La deroga è prevista solo con riferimento “a siti con elevato potenziale minerario (riserva certa superiore a 500 milioni metri cubi) e a condizione che i titolari delle nuove concessioni aderiscano a sostegno dei clienti finali industriali a forte consumo di gas” a prezzo calmierato.
“Potenzialmente si stima una quantità di 15mld mc sfruttabili nell’arco di 10 anni“, ha spiegato Pichetto Fratin. La produzione di gas italiano negli ultimi vent’anni è crollata da 17 miliardi di metri cubi l’anno ai 3,3 miliardi del 2021. Una volta a regime, le nuove concessioni dovrebbero permettere di raddoppiare la produzione fino a 5-6 miliardi di metri cubi all’anno, con i quantitativi da assegnare gestiti attraverso aste del Gse, il Gestore servizi energetici.
A conti fatti, l'apporto di questa attività estrattiva all'autonomia energetica dell'Italia non appare particolarmente significativa. Ecco il responso tecnico e scientifico di uno studio risalente all'anno 2020:
«La subsidenza nella Regione Emilia-Romagna rappresenta un fenomeno particolarmente critico per la fascia costiera contribuendo ad accentuare i fenomeni di erosione costiera e ingressione marina. Numerosi studi e monitoraggi dei suddetti fenomeni sono stati effettuati da Università, enti di ricerca e dalla Regione Emilia-Romagna stessa; ciò che è emerso da questi studi è un rilevante abbassamento del suolo riconducibile ad una più intensa attività antropica dell’area nel corso del XX secolo. È stato osservato che tra i diversi fattori potenzialmente rilevanti per la deformazione del suolo vi è certamente la forte urbanizzazione, aumentata esponenzialmente negli ultimi 65 anni; inoltre, altri fenomeni potenzialmente rilevanti sono riconducibili allo sviluppo del sistema portuale, l’aumento dei sistemi di difesa costiera rigida, e non ultimo, lo sviluppo a partire dagli anni ’50 e ’80 di attività estrattive minerarie, oltre ai prelievi idrici dal sottosuolo».

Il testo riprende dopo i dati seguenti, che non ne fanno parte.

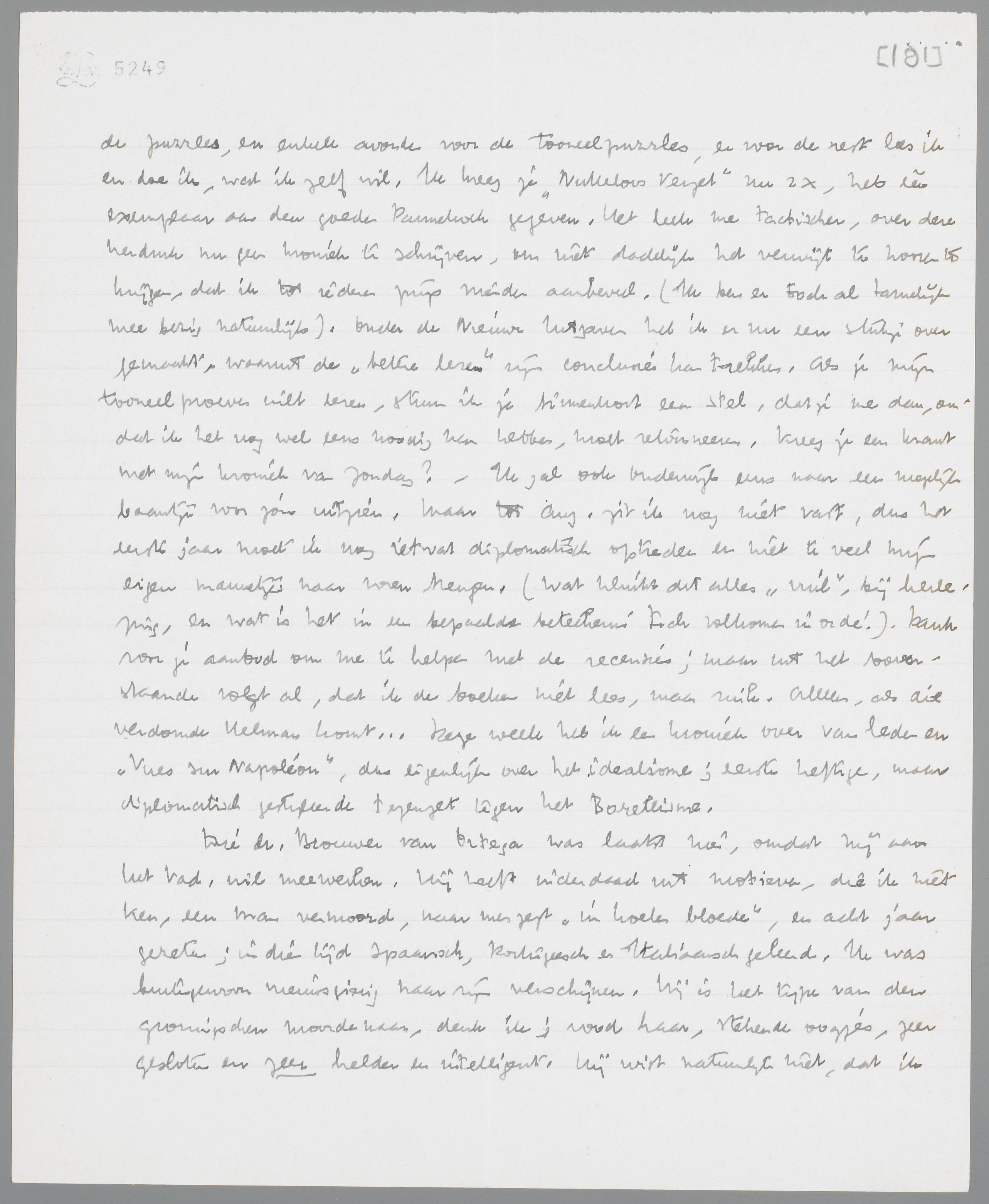 Eindelijk kan ik er dan eens even ‘uitbreken’, om je te schrijven. Ik heb deze week letterlijk geen oogenblik vrij gehad. School, artikeltjes maken, kroniek schrijven, twee tooneelpremières: het is werkelijk welletjes en de troost van twee salarissen is gering; ik heb er trouwens mijn belasting van betaald. Overigens blijkt, dat iemand, als hij van zins zou zijn zich kapot te werken en niets anders te doen, tegelijk leeraar en Borel zou kunnen zijn! Maar ik zal de hemel danken, als ik eindelijk mijn ontslag beet heb; dan zal, gegeven dat ik met de heeren van de krant op kan schieten, het werk aan de rubriek alleen wel meevallen. Ik lees die boeken van de Schartens c.s. eenvoudig niet; ik ruik ze, snoep even van de inhoud en maak er een stukje woorden over. De cabotins van het tooneel heb ik zonder eenige innerlijke emotie gevolgd en beschreven, blijkbaar echter nog niet enthousiast genoeg, want Pannekoek schrijft mij, dat ik ook iets over het applaus en de bloemen moet vertellen. Dat gaat er de volgende maal dus ook nog bij. Het waren prima duitsche acteurs ditmaal (Bassermann, Moissi, Deutsch, Durieux) en voor mij was de ontmoeting dus zeer interessant, nadat ik in geen jaren tooneel had gezien en er alleen maar over had gedacht. Resultaat: ik volg het als een puzzle, een goed of slecht geconstrueerde, maar een puzzle. Met mijn werkelijke probleemen heeft noch dit, noch het boekjes lezen iets te maken; het gaat me allemaal vrij vlot af, alleen mist het product van die werkzaamheden de geestelijke verhevenheid en den dazen toon van Borel. Als ik nu van de school los ben, neem ik gewoon mijn morgen voor de puzzles, en enkele avonden voor de tooneelpuzzles, en voor de rest lees ik en doe ik, wat ik zelf wil. Ik kreeg je Nutteloos Verzet nu 2 ×, heb één exemplaar aan den goeden Pannekoek gegeven. Het leek me tactischer, over deze herdruk nu geen kroniek te schrijven, om niet dadelijk het verwijt te hooren te krijgen, dat ik tot iederen prijs vrienden aanbeveel. (Ik ben er toch al tamelijk mee bezig natuurlijk). Onder de Nieuwe Uitgaven heb ik er nu een stukje over gemaakt, waaruit de ‘betere lezer’ zijn conclusie kan trekken. Als je mijn toneelproeven wilt lezen, stuur ik je binnenkort een stel, dat je me dan, omdat ik het nog wel eens noodig kan hebben, moet retourneeren. Kreeg je een krant met mijn kroniek van Zondag? - Ik zal ook onderwijl eens naar een mogelijk baantje voor jou uitzien. Maar tot Aug. zit ik nog niet vast, dus het eerste jaar moet ik nog ietwat diplomatisch optreden en niet te veel mijn eigen mannetjes naar voren brengen. (Wat klinkt dit alles ‘vuil’, bij herlezing, en wat is het in een bepaalde beteekenis toch volkomen in orde!). Dank voor je aanbod om me te helpen met de recensies; maar uit het bovenstaande volgt al, dat ik de boeken niet lees, maar ruik. Alleen, als die verdomde Helman komt... Deze week heb ik een kroniek over van Eeden en Vues sur Napoléon, dus eigenlijk over het idealisme; eerste heftige, maar diplomatisch gestyleerde tegenzet tegen het Borelisme.

L’area a cui punta l'esecutivo tricolore che prende ordini dallo zio Sam, è quella a largo del comune di Goro, in provincia di Ferrara, dove sarebbero presenti almeno dai 50 ai 70 miliardi di metri cubi di gas in vari giacimenti già scoperti e mappati negli anni ‘90 dall’allora Agip, ma mai messi in produzione, nella maggior parte dei casi a più di 12 miglia di distanza dalla costa. Secondo il ministro per le Imprese e made in Italy, il tuttologo Adolfo Urso, non ci sarebbe nemmeno bisogno di nuove trivellazioni ma “si può ripartire raddoppiando la produzione dagli attuali pozzi e poi con le trivellazione nell’Adriatico centrale al largo della coste, c’è un giacimento comune con la Croazia da cui estrarre 70 miliardi di metri cubi in più anni”.
I pozzi italiani sono in tutto 1298: 514 sono classificati come ‘eroganti’, quindi attivi, mentre 752 sono ‘non eroganti’, quindi al momento non sfruttati. I restanti 32 sono impiegati come raccordi tra altri pozzi o per il controllo dei flussi. Secondo Assorisorse, le trivelle attive al momento in Italia sarebbero una novantina fra terra e mare, localizzate in 15 regioni: Abruzzo, Basilicata, Calabria, Campania, Emilia-Romagna, Friuli-Venezia Giulia, Lazio, Lombardia, Marche, Molise, Piemonte, Puglia, Sicilia, Toscana e Veneto. Le piattaforme marine sono 138, di cui il 40 per cento non è operativo, con 94 piattaforme a meno di 12 miglia di distanza dalla costa.
Nel telecomandato governo Meloni c'è già una classica novità: il rientro a Palazzo Chigi di Roberto Cingolani, ex ministro della Transizione energetica, fortemente voluto da Draghi, che resta, dopo il colloquio con miss Meloni, nel ruolo di advisor all’energia, nonoxtante i suoi enormi conflitti di interesse e la sua dimostrata incapacità ministeriale. “Occorre terminare il lavoro sul price cap e sul rigassificatore – ha spiegato Cingolani all’Adnkronos -. Sarò consigliere di Meloni in materia energetica. C’è da finire tutto il lavoro sul tetto al prezzo del gas, che è stato sì approvato, ma ora bisogna lavorare su termini e condizioni. Resterò a lavoro, ma non retribuito, per superare l’inverno vista l’emergenza che ci troviamo a fronteggiare”, dunque “mettere in sicurezza questo periodo”.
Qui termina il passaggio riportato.